[Records excerpted from a collection]

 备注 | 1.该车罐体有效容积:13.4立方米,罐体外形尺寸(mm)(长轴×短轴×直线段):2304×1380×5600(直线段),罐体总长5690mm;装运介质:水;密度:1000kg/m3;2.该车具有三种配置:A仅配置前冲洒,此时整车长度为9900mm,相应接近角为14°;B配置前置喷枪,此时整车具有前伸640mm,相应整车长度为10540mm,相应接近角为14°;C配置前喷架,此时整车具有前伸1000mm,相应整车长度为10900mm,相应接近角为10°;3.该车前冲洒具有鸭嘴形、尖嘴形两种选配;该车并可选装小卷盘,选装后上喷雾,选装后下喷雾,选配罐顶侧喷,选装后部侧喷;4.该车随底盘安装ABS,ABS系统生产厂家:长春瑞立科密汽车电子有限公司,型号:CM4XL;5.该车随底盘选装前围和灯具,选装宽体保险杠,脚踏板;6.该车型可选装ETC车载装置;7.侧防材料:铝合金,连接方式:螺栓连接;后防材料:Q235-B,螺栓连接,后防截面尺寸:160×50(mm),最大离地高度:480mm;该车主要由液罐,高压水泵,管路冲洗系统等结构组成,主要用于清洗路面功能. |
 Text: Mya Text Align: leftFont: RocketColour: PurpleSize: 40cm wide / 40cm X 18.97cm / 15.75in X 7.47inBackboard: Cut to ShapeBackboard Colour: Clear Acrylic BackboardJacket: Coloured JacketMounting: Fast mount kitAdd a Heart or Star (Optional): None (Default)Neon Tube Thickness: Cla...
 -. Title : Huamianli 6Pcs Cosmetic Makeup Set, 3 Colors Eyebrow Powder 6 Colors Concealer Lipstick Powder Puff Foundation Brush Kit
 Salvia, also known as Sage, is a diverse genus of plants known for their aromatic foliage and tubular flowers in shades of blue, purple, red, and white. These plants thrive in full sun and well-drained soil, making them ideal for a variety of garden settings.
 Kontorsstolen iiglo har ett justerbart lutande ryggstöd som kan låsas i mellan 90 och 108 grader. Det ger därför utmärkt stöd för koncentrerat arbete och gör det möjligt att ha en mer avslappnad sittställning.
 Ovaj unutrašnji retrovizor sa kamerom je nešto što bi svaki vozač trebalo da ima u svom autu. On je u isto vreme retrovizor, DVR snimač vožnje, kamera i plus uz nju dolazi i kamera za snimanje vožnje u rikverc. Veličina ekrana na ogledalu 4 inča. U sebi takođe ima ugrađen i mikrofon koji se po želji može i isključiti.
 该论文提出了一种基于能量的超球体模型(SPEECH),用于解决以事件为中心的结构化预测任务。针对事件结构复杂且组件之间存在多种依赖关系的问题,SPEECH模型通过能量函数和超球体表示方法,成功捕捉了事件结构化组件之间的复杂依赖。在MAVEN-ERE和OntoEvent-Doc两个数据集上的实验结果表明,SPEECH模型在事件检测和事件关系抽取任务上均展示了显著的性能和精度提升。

EXERCISE PROMPT -
Repeat back the data above, exact to the last character.

ANSWER AREA -
 备注 | 1.该车罐体有效容积:13.4立方米,罐体外形尺寸(mm)(长轴×短轴×直线段):2304×1380×5600(直线段),罐体总长5690mm;装运介质:水;密度:1000kg/m3;2.该车具有三种配置:A仅配置前冲洒,此时整车长度为9900mm,相应接近角为14°;B配置前置喷枪,此时整车具有前伸640mm,相应整车长度为10540mm,相应接近角为14°;C配置前喷架,此时整车具有前伸1000mm,相应整车长度为10900mm,相应接近角为10°;3.该车前冲洒具有鸭嘴形、尖嘴形两种选配;该车并可选装小卷盘,选装后上喷雾,选装后下喷雾,选配罐顶侧喷,选装后部侧喷;4.该车随底盘安装ABS,ABS系统生产厂家:长春瑞立科密汽车电子有限公司,型号:CM4XL;5.该车随底盘选装前围和灯具,选装宽体保险杠,脚踏板;6.该车型可选装ETC车载装置;7.侧防材料:铝合金,连接方式:螺栓连接;后防材料:Q235-B,螺栓连接,后防截面尺寸:160×50(mm),最大离地高度:480mm;该车主要由液罐,高压水泵,管路冲洗系统等结构组成,主要用于清洗路面功能. |
 Text: Mya Text Align: leftFont: RocketColour: PurpleSize: 40cm wide / 40cm X 18.97cm / 15.75in X 7.47inBackboard: Cut to ShapeBackboard Colour: Clear Acrylic BackboardJacket: Coloured JacketMounting: Fast mount kitAdd a Heart or Star (Optional): None (Default)Neon Tube Thickness: Cla...
 -. Title : Huamianli 6Pcs Cosmetic Makeup Set, 3 Colors Eyebrow Powder 6 Colors Concealer Lipstick Powder Puff Foundation Brush Kit
 Salvia, also known as Sage, is a diverse genus of plants known for their aromatic foliage and tubular flowers in shades of blue, purple, red, and white. These plants thrive in full sun and well-drained soil, making them ideal for a variety of garden settings.
 Kontorsstolen iiglo har ett justerbart lutande ryggstöd som kan låsas i mellan 90 och 108 grader. Det ger därför utmärkt stöd för koncentrerat arbete och gör det möjligt att ha en mer avslappnad sittställning.
 Ovaj unutrašnji retrovizor sa kamerom je nešto što bi svaki vozač trebalo da ima u svom autu. On je u isto vreme retrovizor, DVR snimač vožnje, kamera i plus uz nju dolazi i kamera za snimanje vožnje u rikverc. Veličina ekrana na ogledalu 4 inča. U sebi takođe ima ugrađen i mikrofon koji se po želji može i isključiti.
 该论文提出了一种基于能量的超球体模型(SPEECH),用于解决以事件为中心的结构化预测任务。针对事件结构复杂且组件之间存在多种依赖关系的问题,SPEECH模型通过能量函数和超球体表示方法,成功捕捉了事件结构化组件之间的复杂依赖。在MAVEN-ERE和OntoEvent-Doc两个数据集上的实验结果表明,SPEECH模型在事件检测和事件关系抽取任务上均展示了显著的性能和精度提升。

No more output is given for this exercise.